Personal details
- Born: 6 January 1920 Barcelona, Catalonia, Spain
- Died: 30 August 1957 (aged 37) Sant Andreu, Barcelona, Catalonia, Spain
- Resting place: Montjuïc Cemetery, Barcelona

Military service
- Allegiance: Second Spanish Republic
- Years of service: 1936-1939
- Unit: Ascaso Column
- Battles/wars: Spanish Civil War Aragon Offensive; ;

= Josep Lluís Facerias =

Catalan anarchist (1920–1957)

Josep Lluís Facerias (1920–1957) was a Spanish insurrectionary anarchist. He was born in Barcelona, Catalonia, Spain, on 6 January 1920. He was nicknamed 'Face'. When the military revolt took place in July 1936, Facerias was already affiliated to the National Confederation of Labour (CNT) and to the Libertarian Youth. He fought on the Aragon front throughout the war in the Ascaso Column (28th Division) and in other units. In the last battles in Catalonia he was taken prisoner and Facerias was in various concentration camps and work gangs. When he was released at the end of 1945 he joined, in Barcelona, the industrial network of the Graphic Arts of the clandestine CNT (an underground union) although in fact he was working as a waiter.

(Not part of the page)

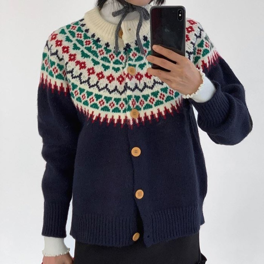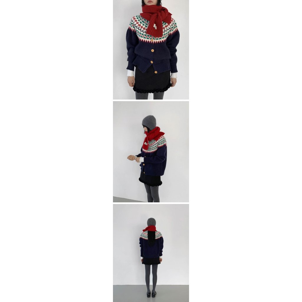 KE20 韓國復古風拼色冷衫開胸外套

In April 1946, Facerias was nominated for the post of Defence Secretary of the Regional Committee of Catalonia and the Balearics of the Federation of Libertarian Youth of Iberia (FIJL).

On 17 August 1946 Facerias was arrested with almost all of the members of the Regional Committee along with other CNT activists: a total of 39 anarchists ended up in jail. He came out of prison in July 1947.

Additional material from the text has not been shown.